使用基于深度学习的功能磁共振成像分类对亚里士多德触觉错觉进行神经解码。

Neural decoding of Aristotle tactile illusion using deep learning-based fMRI classification.

作者信息

Lee Eunji, Kim Ji-Hyun, Park Jaeseok, Kim Sung-Phil, Shin Taehoon

机构信息

Department of Mechanical and Biomedical Engineering, Ewha W. University, Seoul, Republic of Korea.

Graduate Program in Smart Factory, Ewha W. University, Seoul, Republic of Korea.

出版信息

Front Neurosci. 2025 Jun 19;19:1606801. doi: 10.3389/fnins.2025.1606801. eCollection 2025.

DOI:10.3389/fnins.2025.1606801

PMID:40613086

原文链接:https://pmc.ncbi.nlm.nih.gov/articles/PMC12222053/

Abstract

INTRODUCTION

Aristotle illusion is a well-known tactile illusion which causes the perception of one object as two. EEG analysis was employed to investigate the neural correlates of Aristotle illusion, yet was limited due to low spatial resolution of EEG. This study aimed to identify brain regions involved in the Aristotle illusion using functional magnetic resonance imaging (fMRI) and deep learning-based analysis of fMRI data.

METHODS

While three types of tactile stimuli (Aristotle, Reverse, Asynchronous) were applied to thirty participants' fingers, we collected fMRI data, and recorded the number of stimuli each participant perceived.

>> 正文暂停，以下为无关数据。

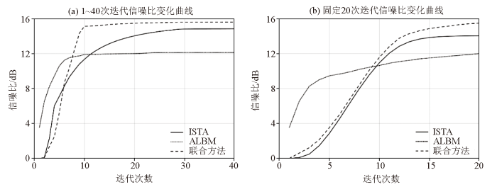 此外,为了进一步了解3种方法在不同迭代次数下的处理效果,将最大迭代次数从1逐渐增加到40,绘制出信噪比随迭代次数变化的曲线图,如图5a 所示。联合方法有更快的迭代速度,经11次迭代达到收敛,且精度更高。图5b 为最大迭代次数20时,信噪比随迭代次数的变化曲线图。可以看出,ALBM由于直接引入了未阈值的数据,在前期保留了较多的有效信号,有相对较高的信噪比和上升速率,但随迭代次数增加,上升速率降低,并且收敛后的信噪比较低。ISTA和联合方法前期有较快的上升速率,但随着迭代次数增加,ISTA的上升速率逐渐缓慢,需要更多的迭代次数才能达到收敛;而联合方法仍能保持较快的上升速率,达到收敛时有更高的信噪比。
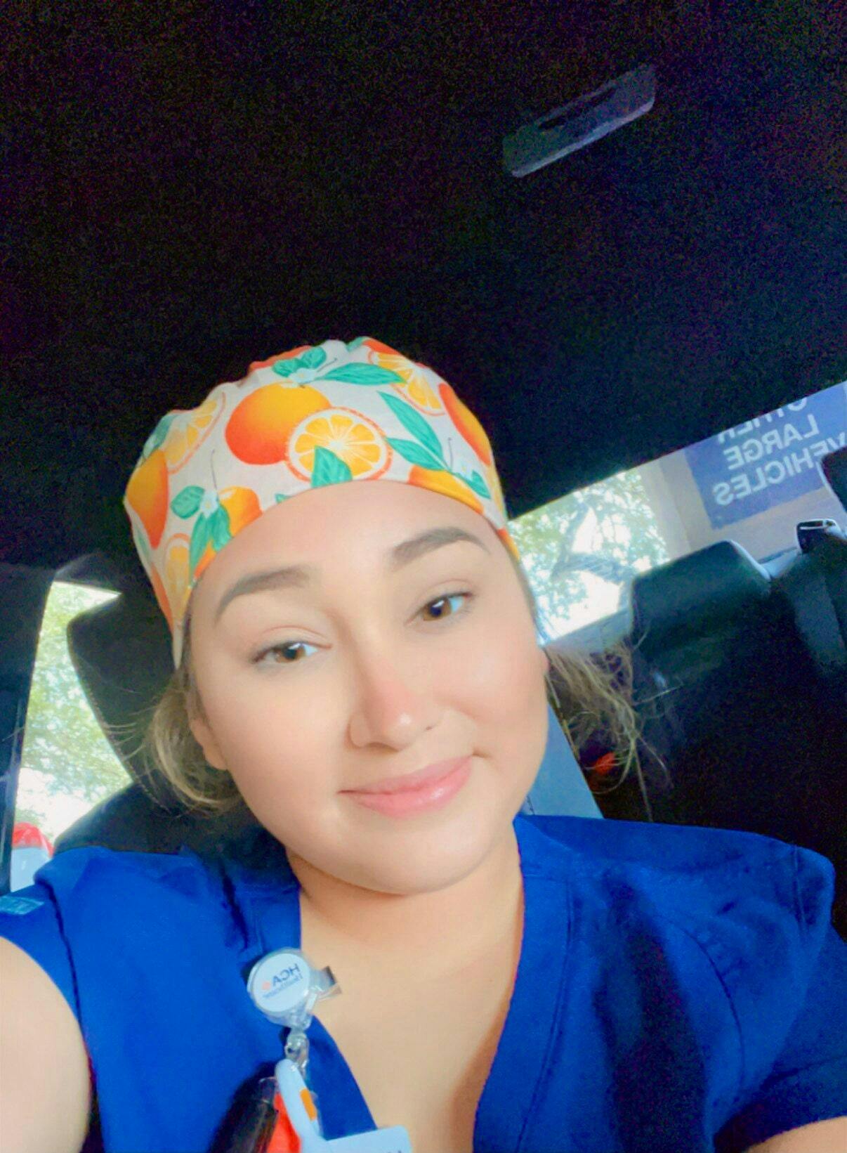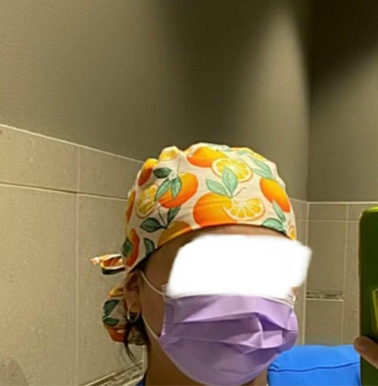 Orange Ponytail scrub cap for women with satin lined option by Paradise Caps.

Four convolutional neural network (CNN) models were trained for perception-based classification tasks (the occurrence of Aristotle illusion vs. Reverse illusion, the occurrence vs. absence of Reverse illusion), and stimulus-based classification tasks (Aristotle vs. Reverse, Reverse vs. Asynchronous, and Aristotle vs. Asynchronous).

RESULTS

Simple fully convolution network (SFCN) achieved the highest classification accuracy of 68.4% for the occurrence of Aristotle illusion vs. Reverse illusion, and 80.1% for the occurrence vs. absence of Reverse illusion. For stimulus-based classification tasks, all CNN models yielded accuracies around 50% failing to distinguish among the three types of applied stimuli. Gradient-weighted class activation mapping (Grad-CAM) analysis revealed salient brain regions-of-interest (ROIs) for the perception-based classification tasks, including the somatosensory cortex and parietal regions.

DISCUSSION

Our findings demonstrate that perception-driven neural responses are classifiable using fMRI-based CNN models. Saliency analysis of the trained CNNs reveals the involvement of the somatosensory cortex and parietal regions in making classification decisions, consistent with previous research. Other salient ROIs include orbitofrontal cortex, middle temporal pole, supplementary motor area, and middle cingulate cortex.

摘要

引言

亚里士多德错觉是一种著名的触觉错觉，会导致将一个物体感知为两个。脑电图（EEG）分析曾被用于研究亚里士多德错觉的神经关联，但由于EEG的空间分辨率较低而受到限制。本研究旨在使用功能磁共振成像（fMRI）和基于深度学习的fMRI数据分析来确定参与亚里士多德错觉的脑区。

方法

在对30名参与者的手指施加三种类型的触觉刺激（亚里士多德错觉、反向错觉、异步错觉）时，我们收集了fMRI数据，并记录了每个参与者感知到的刺激数量。训练了四个卷积神经网络（CNN）模型用于基于感知的分类任务（亚里士多德错觉与反向错觉的发生、反向错觉的发生与不发生）以及基于刺激的分类任务（亚里士多德错觉与反向错觉、反向错觉与异步错觉、亚里士多德错觉与异步错觉）。

结果

简单全卷积网络（SFCN）在亚里士多德错觉与反向错觉发生的分类任务中达到了最高分类准确率68.4%，在反向错觉发生与不发生的分类任务中达到了80.1%。对于基于刺激的分类任务，所有CNN模型的准确率均在50%左右，无法区分三种应用刺激。梯度加权类激活映射（Grad-CAM）分析揭示了基于感知的分类任务中显著的脑区兴趣点（ROI），包括体感皮层和顶叶区域。

讨论

我们的研究结果表明，基于fMRI的CNN模型可对感知驱动的神经反应进行分类。对训练后的CNN进行的显著性分析揭示了体感皮层和顶叶区域参与了分类决策，这与先前的研究一致。其他显著的ROI包括眶额皮层、颞中极、辅助运动区和扣带中央回。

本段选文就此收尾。